Ritchie isn’t some crackpot science denier or conspiracy theorist working out of his mom’s basement; he’s a celebrated psychologist at King’s College London with lots of experience in debunking poorly-made research, particularly in his own field of psychology. For the last decade or more, this discipline has been the unfortunate poster child for the “Replication Crisis,” the discovery that – to use Stanford’s John Ioannidis’ well-known article title – “Most Published Research Findings Are False.”
Take the example of former Cornell psychology professor Daryl Bem and his infamous “psychic pornography” experiment that opens Ritchie’s book. On screens, a thousand undergraduates were shown two curtains, only one of which hid an image that the students were supposed to find. The choice was a coin toss, as they had no other information to go on. As expected, for most kinds of images they picked the right curtain about 50 percent of the time. But – and here was Bem’s claim to fame – when pornographic images hid behind the curtails, students choose the right one 53 percent of the time, enough to pass for statistical significance in his sample. The road for top-ranked publication was wide open.
When the article came out after passing peer review, the world was stunned to learn that undergrads could see the future – at least when images of a sexual nature were involved. Proven by science, certified by The Scientific Method™, the psychology world was thrown into chaos. The study was done properly, passed peer review, and published in a top field journal, with the same method that underlies all the other well-known results in the field. Still, the result was totally bonkers.
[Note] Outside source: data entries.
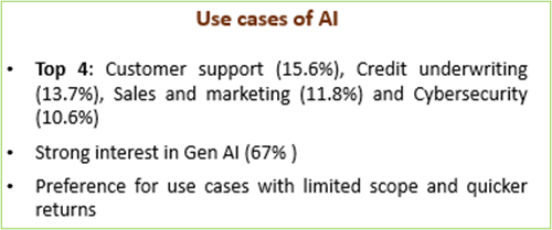2) Use cases:AI was primarily used for (a) customer support (15.6%), (b) credit underwriting (13.7%), (c) sales and marketing (11.8%) and (d) cybersecurity (10.6%). There was strong interest in Generative AI, with majority of entities experimenting with small-scale pilots, often internal chatbots. Most smaller entities preferred use cases with quick-return, wary of AI’s rapid sophistication and cost of obsolescence.
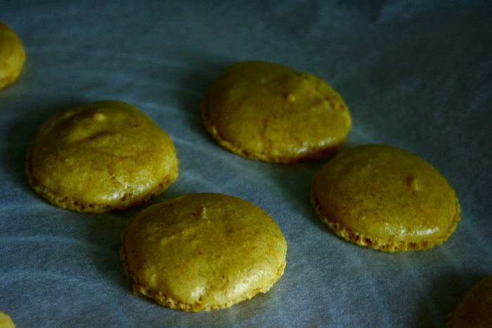 Teig in einen Spritzbeutel füllen. Ein Backblech mit Backpapier auslegen, den Ofen auf 150 °C Umluft vorheizen und mit Hilfe des Spritzbeutels 20 gleich große Teigklekse auf das Blech platzieren (nicht zu nah beieinander!). Nun die Macarons ca. 15 Minuten lang ruhen lassen. Jetzt den Ofen auf 140 °C runterschalten und die Macarons auf der mittleren Schiene in den Backofen schieben. Nach ca. 12 – 15 Minuten aus dem Ofen holen (jeder Ofen ist anders, ausprobieren…).
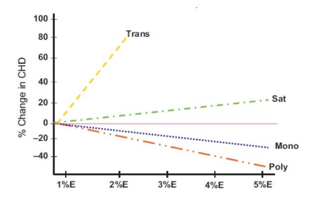 Выяснилось, что замена 5% калорийности углеводов на насыщенные жиры (зелёный график) приводит к увеличению риска развития коронарной болезни на 17%, замена 2% калорийности углеводов на трансжиры (желтый график) была связана почти с двукратным увеличением риска, замена 5% на мононенасыщенные жиры (синий график) уменьшала риск развития на 19% и замена 5% на полиненасыщенные жиры(оранжевый график) уменьшала риск развития коронарной болезни сердца на 38%.
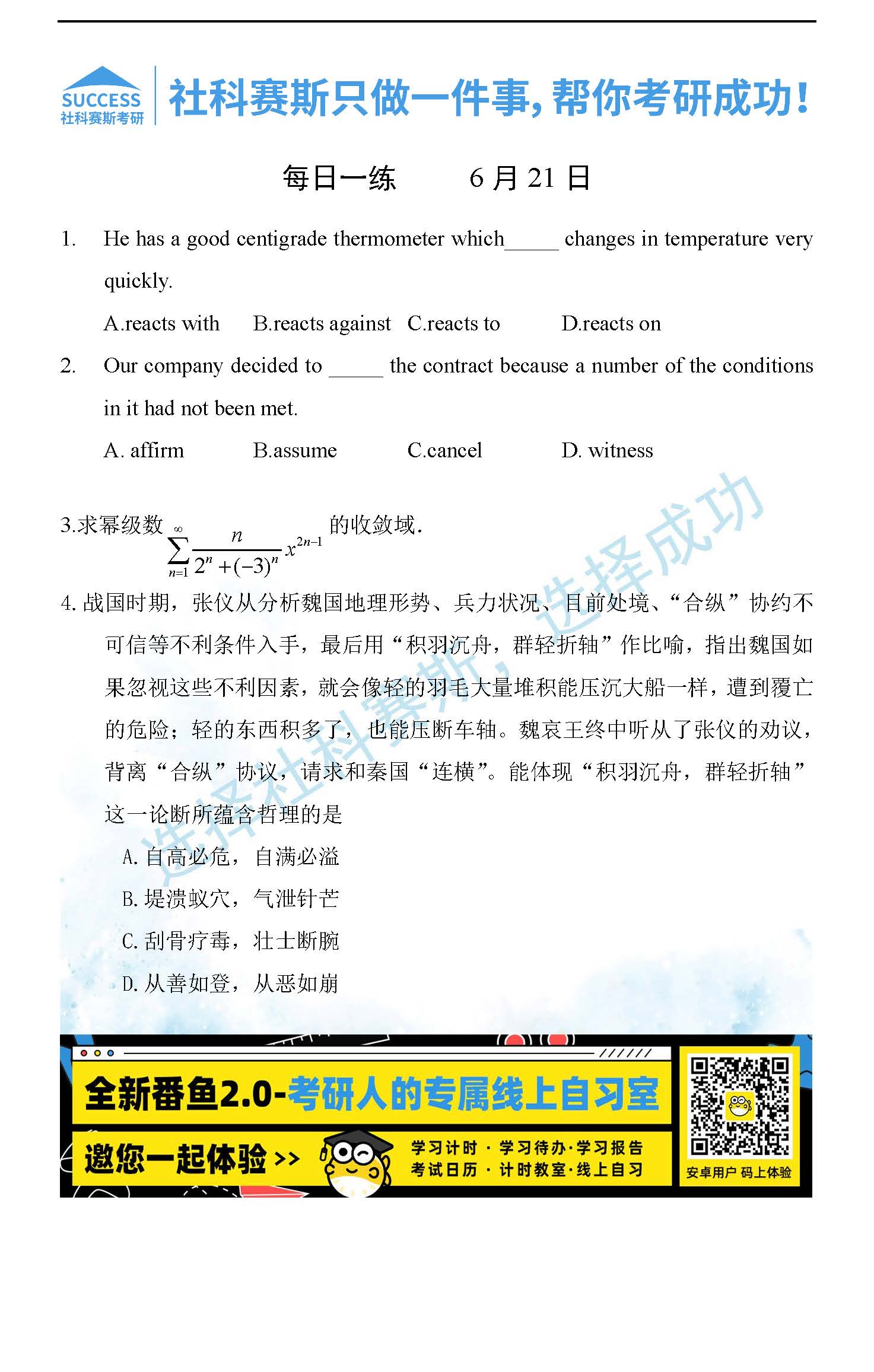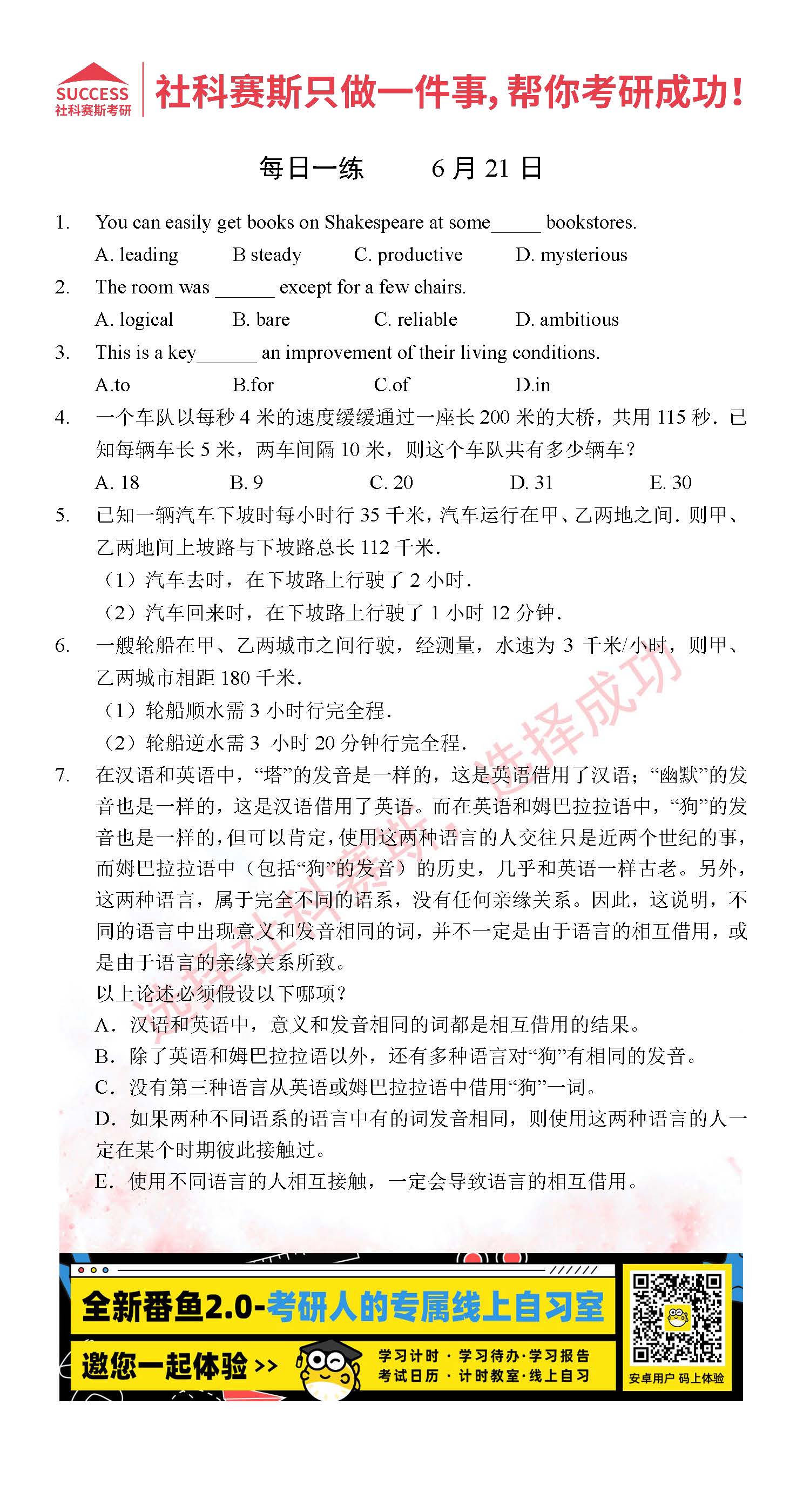 導讀:考研是一場持久戰,保持良好的學習習慣,是能確保復習高效的關鍵。今天社科賽斯MBA備考網小編整理了“2022管理類聯考6月21日每日一練及答案”的內容,希望能對廣大考生有所幫助。

What had gone wrong?
Or take the don of behavioral economics, Daniel Kahneman, whose many quirky experiments convinced an entire economics profession of individual irrationality and ultimately earned him the Nobel Prize. The psychological literature on so-called ‘priming,’ part of which is used by behavioral economists, suggested that tiny changes in settings can produce remarkably large impacts in behavior. For instance, subtly reminding people of money – through symbols or the clicking noise of coins – makes them behave more individualistically and less caring of others. “Disbelief is not an option,” wrote Kahneman in his famous best-seller Thinking, Fast and Slow, “you have no choice but to accept that the major conclusions of these [priming] studies are true.”
Beginning in the 2010s, psychologists tried to replicate these famous results and more. When tried elsewhere, with other students, better equipment, or larger samples – or sometimes with the exact same data – the same results wouldn’t emerge. How odd. Lab teams tried to replicate many established findings, coming up way short: “The replication crisis seems,” writes Ritchie, “with a snap of its fingers, to have wiped about half of all psychology research off the map.” There was something structurally wrong in the way that psychology found and displayed knowledge. Some research.